VO: You cannot change this visa.
T: Well, then, what can I do?
VO: You need to leave the country. You have nothing to do here until you get the right visa.
T: Where do I need to go?
VO: You can go to any of our consulates abroad and apply for a new visa from there.
T: Is there anyone I can talk to about this? Are you sure there are no other options?
VO: Mishra will tell you why it is impossible. It is in room 12C.
T ventures to room 12C, which is nearly impossible to find, and empty when she does locate it. Then she calls Company B, panicked. Then she cries for about two hours, calls S, waits for him to pick her up from her position, slumped, head in hands, on a sidewalk outside the ministry. A number of men, including several rickshaw-wallahs, tell her to stop weeping. This only makes her cry more.

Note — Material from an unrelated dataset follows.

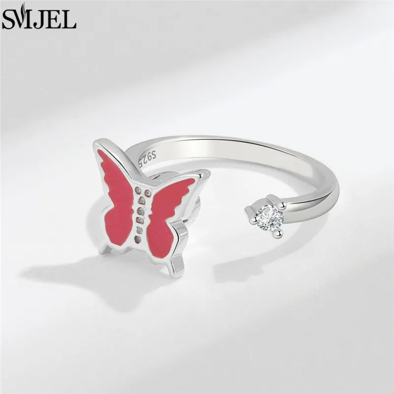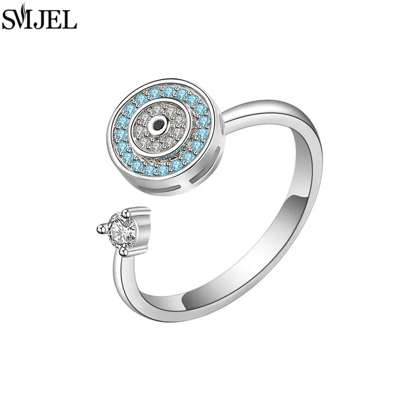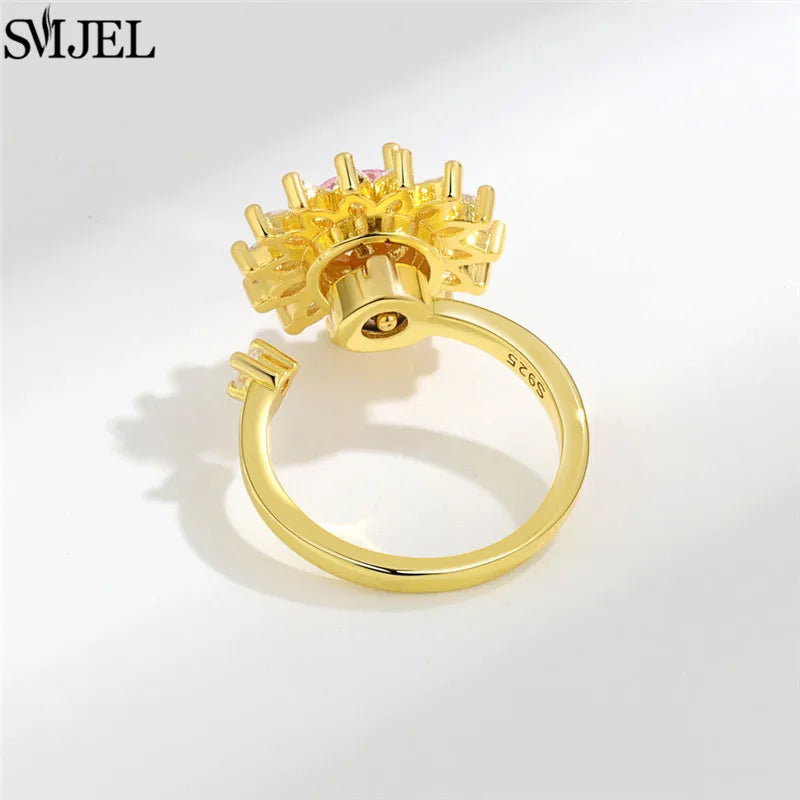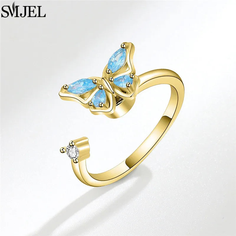 Korean Fashion Anxiety Fidget Spinner Rings for Women Crystal Rose Sunflower Butterfly Rotating Mood Ring Girls Wedding Jewelry

So, at this point...I have less than three months to find some way out of this mess. I hate all the politics of this. He kept asking me about my salary, and seemed to be...perhaps...alluding to some greasing of the wheels that could be done to make the visa problem disappear.

And...umm...homey don't play that game.

I am a responsible citizen, regardless of my nation of origin. I will pay taxes if I make enough money to be required to pay them. As it is, I do everything in my power to be a productive member of society. I don't waste resources. I don't get paid a high/Western salary. I don't demand luxury, and I don't expect India to be like America. I don't expect much of anything, really; I only hope to learn from my experiences and maybe have others learn from mine.

S tells me he'll have someone call a mucky-muck in the ministry, but I am reticent. I don't want special favors. I want to make my way of my own merits, but sometimes it seems as if that's not enough here.

I don't know if I'm reading the situation correctly, but the officer seemed to be unduly brusque to me. I don't know if that was a function of my age, my race, my nationality, my supposed affluence. But it was 100% obnoxious. It reeked of hatred. It was permeated with animosity.

There are so, so, so many things I love about India. But it seems no matter where I go, I am not wanted. I am fated not to fit in.

End rant.

1 comment:

Anonymous said...

Hi, I am an Indian living in the US. And US has the same regulations. I have to leave the country to get a new visa. And i have to prove that i have something that an American does not have to do the job. Yeah as far as the rudeness. They are rude too but not ask me to get out and stuff like that.